Generating Synthetic Doctor-Patient Conversations for Long-form Audio Summarization
Yanis Labrak, David Gr\"unert, S\'everin Baroudi, Jiyun Chun, Pawel Cyrta, Sergio Burdisso, Ahmed Hassoon, David Liu, Adam Rothschild, Reed Van Deusen, Petr Motlicek, Andrew Perrault, Ricard Marxer, Thomas Schaaf

TL;DR
This paper introduces a synthetic data pipeline for long-form audio reasoning, focusing on doctor-patient conversations and SOAP note generation, to improve training and evaluation of audio understanding systems.
Contribution
It presents a novel multi-stage pipeline for generating synthetic long-context audio conversations and reference notes using open-weight models, addressing data scarcity and evaluation challenges.
Findings
Cascaded systems outperform end-to-end models on synthetic data.
8,800 synthetic conversations and 1.3k hours of audio are released.

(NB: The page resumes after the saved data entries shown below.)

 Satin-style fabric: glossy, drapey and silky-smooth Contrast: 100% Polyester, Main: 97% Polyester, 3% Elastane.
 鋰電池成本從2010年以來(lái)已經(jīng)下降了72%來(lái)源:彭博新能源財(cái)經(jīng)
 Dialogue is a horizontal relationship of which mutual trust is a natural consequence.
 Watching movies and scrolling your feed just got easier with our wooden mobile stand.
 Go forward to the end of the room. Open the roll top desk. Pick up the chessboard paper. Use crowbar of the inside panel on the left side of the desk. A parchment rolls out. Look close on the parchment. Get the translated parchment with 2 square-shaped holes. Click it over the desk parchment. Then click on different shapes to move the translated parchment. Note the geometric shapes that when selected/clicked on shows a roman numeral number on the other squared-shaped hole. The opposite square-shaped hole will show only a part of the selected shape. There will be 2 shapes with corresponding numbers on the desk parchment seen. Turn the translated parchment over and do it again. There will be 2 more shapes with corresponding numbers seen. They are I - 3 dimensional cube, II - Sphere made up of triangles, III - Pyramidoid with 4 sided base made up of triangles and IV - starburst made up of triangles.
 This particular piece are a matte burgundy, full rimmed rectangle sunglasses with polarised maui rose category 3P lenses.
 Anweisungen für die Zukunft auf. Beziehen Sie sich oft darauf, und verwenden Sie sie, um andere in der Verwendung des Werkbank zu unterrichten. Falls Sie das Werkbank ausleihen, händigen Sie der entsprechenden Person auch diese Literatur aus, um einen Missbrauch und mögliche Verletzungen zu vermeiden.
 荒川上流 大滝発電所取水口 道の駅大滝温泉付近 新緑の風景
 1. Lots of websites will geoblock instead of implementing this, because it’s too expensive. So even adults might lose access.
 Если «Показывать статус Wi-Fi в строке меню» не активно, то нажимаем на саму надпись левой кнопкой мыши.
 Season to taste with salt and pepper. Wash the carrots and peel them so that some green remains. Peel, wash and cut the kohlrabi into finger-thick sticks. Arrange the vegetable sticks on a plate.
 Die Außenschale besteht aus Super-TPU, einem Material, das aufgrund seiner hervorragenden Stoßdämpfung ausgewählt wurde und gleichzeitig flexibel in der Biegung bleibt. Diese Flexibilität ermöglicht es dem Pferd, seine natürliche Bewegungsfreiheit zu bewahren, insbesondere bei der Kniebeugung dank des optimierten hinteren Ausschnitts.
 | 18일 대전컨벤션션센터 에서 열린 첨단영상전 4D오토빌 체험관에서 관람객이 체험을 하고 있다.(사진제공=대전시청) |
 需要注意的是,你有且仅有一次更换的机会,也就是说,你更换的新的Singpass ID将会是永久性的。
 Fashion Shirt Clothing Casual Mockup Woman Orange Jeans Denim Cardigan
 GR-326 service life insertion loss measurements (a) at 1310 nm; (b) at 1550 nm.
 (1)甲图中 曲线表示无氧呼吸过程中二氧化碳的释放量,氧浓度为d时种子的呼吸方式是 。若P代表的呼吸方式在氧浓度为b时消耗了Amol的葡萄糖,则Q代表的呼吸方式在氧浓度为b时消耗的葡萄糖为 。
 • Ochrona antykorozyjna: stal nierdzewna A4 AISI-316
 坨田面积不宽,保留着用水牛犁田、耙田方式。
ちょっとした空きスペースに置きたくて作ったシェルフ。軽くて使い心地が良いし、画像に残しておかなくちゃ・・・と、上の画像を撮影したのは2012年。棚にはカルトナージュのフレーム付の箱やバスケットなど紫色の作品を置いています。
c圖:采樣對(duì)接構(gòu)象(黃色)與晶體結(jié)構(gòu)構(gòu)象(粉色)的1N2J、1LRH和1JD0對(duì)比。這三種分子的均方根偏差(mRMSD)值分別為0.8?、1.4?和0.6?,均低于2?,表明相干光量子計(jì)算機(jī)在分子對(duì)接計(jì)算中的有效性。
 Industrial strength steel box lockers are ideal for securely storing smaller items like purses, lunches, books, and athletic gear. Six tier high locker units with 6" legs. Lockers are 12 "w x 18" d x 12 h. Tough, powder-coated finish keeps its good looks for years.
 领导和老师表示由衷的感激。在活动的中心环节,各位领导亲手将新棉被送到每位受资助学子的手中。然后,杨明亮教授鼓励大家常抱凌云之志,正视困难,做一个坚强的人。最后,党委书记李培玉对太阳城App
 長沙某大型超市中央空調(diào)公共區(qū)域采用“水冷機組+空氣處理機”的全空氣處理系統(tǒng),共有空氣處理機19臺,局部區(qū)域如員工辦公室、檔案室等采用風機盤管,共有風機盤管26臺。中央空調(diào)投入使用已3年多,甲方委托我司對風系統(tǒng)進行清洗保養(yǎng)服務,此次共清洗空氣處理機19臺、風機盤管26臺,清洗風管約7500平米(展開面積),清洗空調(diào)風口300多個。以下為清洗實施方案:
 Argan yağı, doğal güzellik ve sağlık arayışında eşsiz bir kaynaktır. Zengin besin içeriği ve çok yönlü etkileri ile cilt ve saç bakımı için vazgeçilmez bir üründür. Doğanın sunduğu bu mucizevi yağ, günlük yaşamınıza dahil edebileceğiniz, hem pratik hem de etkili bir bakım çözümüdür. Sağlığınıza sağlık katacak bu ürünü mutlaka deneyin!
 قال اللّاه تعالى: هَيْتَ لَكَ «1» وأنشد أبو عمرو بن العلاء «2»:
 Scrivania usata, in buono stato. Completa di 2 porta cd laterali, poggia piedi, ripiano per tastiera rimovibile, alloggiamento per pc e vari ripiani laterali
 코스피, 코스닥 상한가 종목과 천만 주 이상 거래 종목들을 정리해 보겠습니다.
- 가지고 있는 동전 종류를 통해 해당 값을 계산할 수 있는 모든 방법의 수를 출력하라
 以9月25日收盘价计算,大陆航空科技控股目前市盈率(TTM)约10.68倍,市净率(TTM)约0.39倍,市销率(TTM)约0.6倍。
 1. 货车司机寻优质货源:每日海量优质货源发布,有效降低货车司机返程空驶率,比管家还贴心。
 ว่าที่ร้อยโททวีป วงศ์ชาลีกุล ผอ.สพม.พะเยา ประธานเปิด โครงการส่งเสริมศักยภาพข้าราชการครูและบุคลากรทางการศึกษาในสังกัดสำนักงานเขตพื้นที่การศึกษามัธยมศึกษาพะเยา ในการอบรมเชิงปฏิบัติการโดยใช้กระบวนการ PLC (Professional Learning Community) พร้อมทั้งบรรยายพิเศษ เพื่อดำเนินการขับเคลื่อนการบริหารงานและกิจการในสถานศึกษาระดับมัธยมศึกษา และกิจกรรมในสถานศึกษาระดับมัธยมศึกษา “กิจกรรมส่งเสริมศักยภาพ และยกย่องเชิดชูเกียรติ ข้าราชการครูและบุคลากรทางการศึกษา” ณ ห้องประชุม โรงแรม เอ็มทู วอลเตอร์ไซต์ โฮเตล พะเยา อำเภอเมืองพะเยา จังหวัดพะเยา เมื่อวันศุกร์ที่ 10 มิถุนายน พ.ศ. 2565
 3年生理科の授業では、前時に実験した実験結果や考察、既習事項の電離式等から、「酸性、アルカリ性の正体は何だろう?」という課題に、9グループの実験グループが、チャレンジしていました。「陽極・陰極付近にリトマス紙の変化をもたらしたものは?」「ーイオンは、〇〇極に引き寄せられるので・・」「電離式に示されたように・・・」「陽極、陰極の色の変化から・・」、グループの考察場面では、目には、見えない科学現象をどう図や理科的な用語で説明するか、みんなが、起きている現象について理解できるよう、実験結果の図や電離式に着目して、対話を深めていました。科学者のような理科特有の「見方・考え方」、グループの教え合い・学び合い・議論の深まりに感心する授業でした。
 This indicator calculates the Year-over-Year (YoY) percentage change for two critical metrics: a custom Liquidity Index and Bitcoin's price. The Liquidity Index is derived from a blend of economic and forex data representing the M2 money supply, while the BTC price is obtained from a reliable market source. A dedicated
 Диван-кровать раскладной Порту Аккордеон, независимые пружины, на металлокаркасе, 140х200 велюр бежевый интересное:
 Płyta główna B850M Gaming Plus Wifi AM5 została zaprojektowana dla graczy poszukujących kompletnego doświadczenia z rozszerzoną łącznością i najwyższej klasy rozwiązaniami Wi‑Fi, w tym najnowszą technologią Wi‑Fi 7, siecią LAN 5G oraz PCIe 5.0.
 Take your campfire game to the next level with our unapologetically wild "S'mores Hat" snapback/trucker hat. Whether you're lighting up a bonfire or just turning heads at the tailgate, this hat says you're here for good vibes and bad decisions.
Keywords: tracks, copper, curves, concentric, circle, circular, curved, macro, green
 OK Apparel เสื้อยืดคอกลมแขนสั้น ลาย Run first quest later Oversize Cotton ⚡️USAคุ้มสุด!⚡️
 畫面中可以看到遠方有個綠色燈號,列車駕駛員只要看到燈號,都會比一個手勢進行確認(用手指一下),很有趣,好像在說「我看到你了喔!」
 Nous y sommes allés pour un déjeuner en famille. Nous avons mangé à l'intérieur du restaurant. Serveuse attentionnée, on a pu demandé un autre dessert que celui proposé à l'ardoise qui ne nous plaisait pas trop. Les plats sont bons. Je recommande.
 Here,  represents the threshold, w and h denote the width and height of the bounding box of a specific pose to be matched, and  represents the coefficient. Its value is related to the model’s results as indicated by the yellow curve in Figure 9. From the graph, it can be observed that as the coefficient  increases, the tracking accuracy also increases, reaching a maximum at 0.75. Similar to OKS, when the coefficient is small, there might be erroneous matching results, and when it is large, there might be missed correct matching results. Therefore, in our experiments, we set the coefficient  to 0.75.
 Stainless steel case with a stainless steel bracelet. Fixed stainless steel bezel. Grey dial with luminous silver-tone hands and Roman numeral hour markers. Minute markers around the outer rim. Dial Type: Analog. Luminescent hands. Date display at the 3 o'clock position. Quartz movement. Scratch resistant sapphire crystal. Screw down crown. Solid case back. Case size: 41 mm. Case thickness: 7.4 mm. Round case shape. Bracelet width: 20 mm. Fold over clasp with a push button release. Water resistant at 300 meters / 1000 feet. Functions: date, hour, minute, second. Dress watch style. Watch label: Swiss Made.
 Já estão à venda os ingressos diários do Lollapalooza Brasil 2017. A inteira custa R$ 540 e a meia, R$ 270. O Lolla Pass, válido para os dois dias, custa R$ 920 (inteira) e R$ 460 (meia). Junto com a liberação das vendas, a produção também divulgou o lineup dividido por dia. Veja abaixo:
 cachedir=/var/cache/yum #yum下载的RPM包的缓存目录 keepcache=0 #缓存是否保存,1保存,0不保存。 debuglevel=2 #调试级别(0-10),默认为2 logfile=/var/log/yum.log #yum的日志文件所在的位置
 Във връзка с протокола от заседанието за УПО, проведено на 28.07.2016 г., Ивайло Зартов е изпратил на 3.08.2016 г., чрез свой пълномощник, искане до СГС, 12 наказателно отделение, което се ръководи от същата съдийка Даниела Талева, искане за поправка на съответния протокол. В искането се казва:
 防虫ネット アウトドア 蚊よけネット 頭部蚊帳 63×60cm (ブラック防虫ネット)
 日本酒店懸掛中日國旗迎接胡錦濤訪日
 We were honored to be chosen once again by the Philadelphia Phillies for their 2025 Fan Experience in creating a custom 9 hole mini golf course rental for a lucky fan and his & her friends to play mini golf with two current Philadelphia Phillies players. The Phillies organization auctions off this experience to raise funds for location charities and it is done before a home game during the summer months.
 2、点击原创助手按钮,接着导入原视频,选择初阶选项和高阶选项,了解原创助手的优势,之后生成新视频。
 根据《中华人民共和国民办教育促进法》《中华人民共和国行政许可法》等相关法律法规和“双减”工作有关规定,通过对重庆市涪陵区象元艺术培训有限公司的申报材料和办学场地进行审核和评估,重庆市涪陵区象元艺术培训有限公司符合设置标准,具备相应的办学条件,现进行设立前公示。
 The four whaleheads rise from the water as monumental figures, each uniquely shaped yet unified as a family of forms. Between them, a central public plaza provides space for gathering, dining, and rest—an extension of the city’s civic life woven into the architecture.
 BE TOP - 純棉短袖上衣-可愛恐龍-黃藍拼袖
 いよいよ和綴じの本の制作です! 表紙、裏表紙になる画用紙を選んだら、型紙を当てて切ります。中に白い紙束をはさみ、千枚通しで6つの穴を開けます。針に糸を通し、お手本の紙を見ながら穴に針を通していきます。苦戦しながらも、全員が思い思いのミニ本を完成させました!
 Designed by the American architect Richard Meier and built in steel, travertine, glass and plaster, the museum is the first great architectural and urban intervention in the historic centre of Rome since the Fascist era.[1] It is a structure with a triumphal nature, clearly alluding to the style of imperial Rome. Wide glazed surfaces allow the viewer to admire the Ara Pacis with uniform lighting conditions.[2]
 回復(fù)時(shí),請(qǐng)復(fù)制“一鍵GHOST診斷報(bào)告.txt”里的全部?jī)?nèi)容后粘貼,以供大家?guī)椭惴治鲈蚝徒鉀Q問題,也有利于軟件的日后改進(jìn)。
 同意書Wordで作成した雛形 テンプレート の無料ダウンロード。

The pipeline enables controlled evaluation of long-context audio reasoning.
Abstract
Long-context audio reasoning is underserved in both training data and evaluation. Existing benchmarks target short-context tasks, and the open-ended generation tasks most relevant to long-context reasoning pose well-known challenges for automatic evaluation. We propose a synthetic data generation pipeline designed to serve both as a training resource and as a controlled evaluation environment, and instantiate it for first-visit doctor-patient conversations with SOAP note generation as the task. The pipeline has three stages, persona-driven dialogue generation, multi-speaker audio synthesis with overlap/pause modeling, room acoustics, and sound events, and LLM-based reference SOAP note production, built entirely on open-weight models. We release 8,800 synthetic conversations with 1.3k hours of corresponding audio and reference notes. Evaluating current open-weight systems, we find that…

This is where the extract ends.